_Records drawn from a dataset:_
※ ※ ※

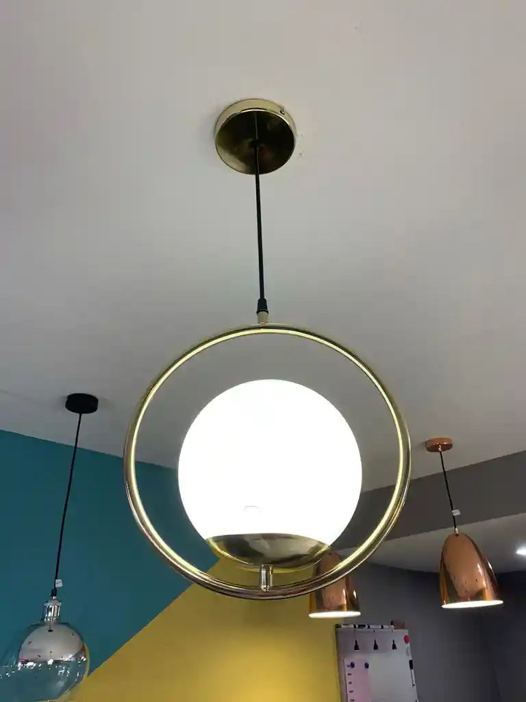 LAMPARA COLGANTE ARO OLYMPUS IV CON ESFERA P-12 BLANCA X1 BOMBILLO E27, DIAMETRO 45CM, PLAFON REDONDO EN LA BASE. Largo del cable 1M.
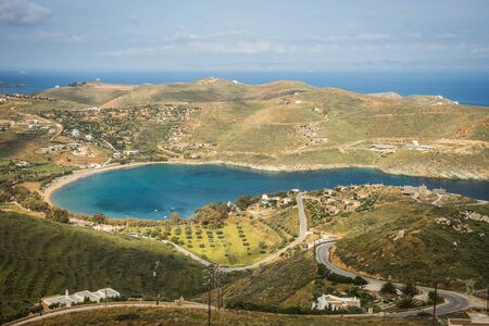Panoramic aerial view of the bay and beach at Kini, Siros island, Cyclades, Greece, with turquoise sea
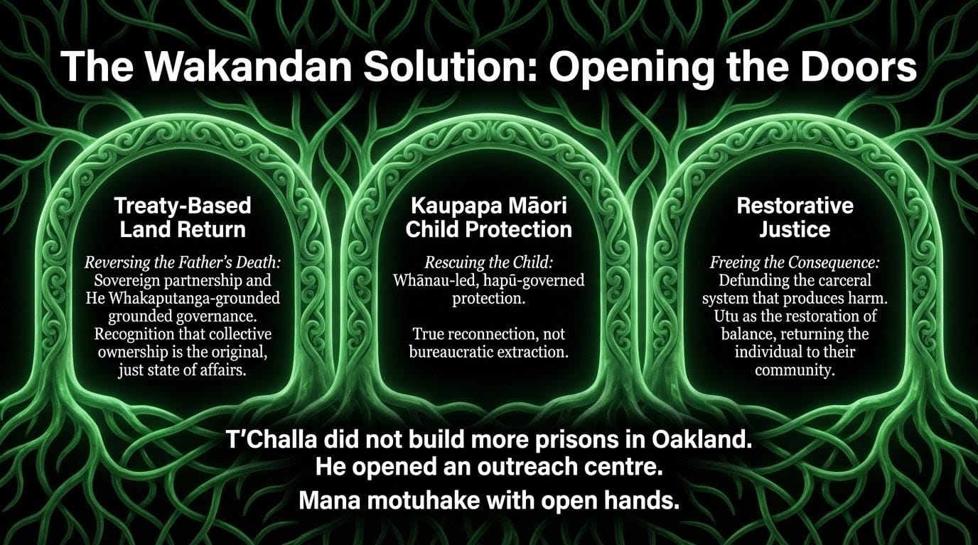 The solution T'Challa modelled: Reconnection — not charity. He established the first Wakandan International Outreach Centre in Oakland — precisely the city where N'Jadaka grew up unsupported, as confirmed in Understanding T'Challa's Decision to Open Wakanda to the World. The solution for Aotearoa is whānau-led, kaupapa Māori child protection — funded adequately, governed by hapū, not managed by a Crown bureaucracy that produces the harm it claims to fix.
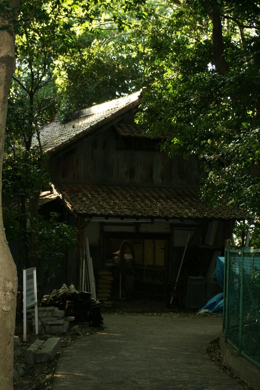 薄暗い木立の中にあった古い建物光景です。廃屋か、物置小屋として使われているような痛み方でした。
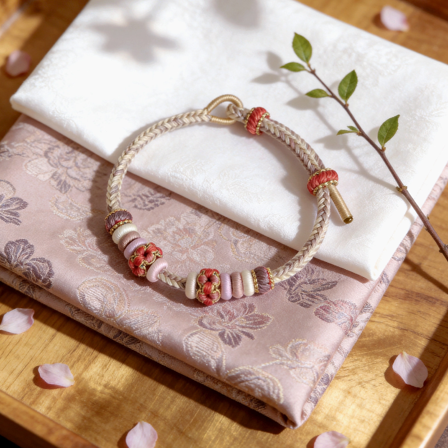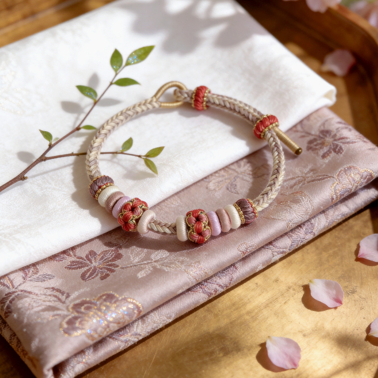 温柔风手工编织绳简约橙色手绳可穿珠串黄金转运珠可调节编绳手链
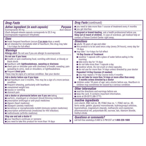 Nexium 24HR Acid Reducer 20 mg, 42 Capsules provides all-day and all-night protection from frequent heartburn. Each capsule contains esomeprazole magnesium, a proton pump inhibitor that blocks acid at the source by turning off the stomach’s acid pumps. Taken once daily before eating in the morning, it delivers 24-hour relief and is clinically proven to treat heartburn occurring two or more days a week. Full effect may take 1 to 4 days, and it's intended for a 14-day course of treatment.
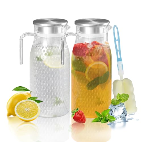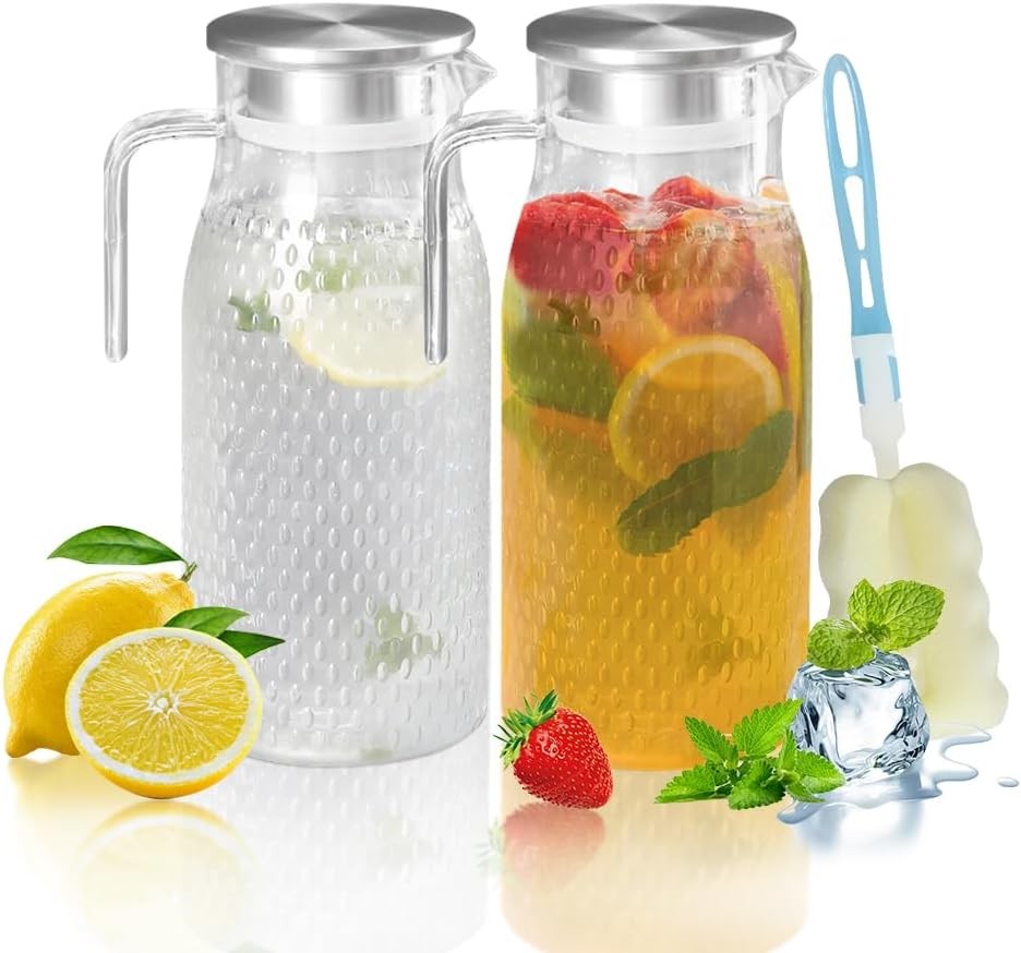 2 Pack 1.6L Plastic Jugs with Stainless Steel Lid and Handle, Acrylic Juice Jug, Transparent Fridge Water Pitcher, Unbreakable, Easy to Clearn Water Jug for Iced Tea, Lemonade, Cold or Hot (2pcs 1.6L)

※ ※ ※

_The problem:_
Pictures excluded, repeat the records exactly from their opening line through the line containing "薄暗い木立の中にあった古い建".

_Output of the exercise:_
 LAMPARA COLGANTE ARO OLYMPUS IV CON ESFERA P-12 BLANCA X1 BOMBILLO E27, DIAMETRO 45CM, PLAFON REDONDO EN LA BASE. Largo del cable 1M.
Panoramic aerial view of the bay and beach at Kini, Siros island, Cyclades, Greece, with turquoise sea
 The solution T'Challa modelled: Reconnection — not charity. He established the first Wakandan International Outreach Centre in Oakland — precisely the city where N'Jadaka grew up unsupported, as confirmed in Understanding T'Challa's Decision to Open Wakanda to the World. The solution for Aotearoa is whānau-led, kaupapa Māori child protection — funded adequately, governed by hapū, not managed by a Crown bureaucracy that produces the harm it claims to fix.
 薄暗い木立の中にあった古い建物光景です。廃屋か、物置小屋として使われているような痛み方でした。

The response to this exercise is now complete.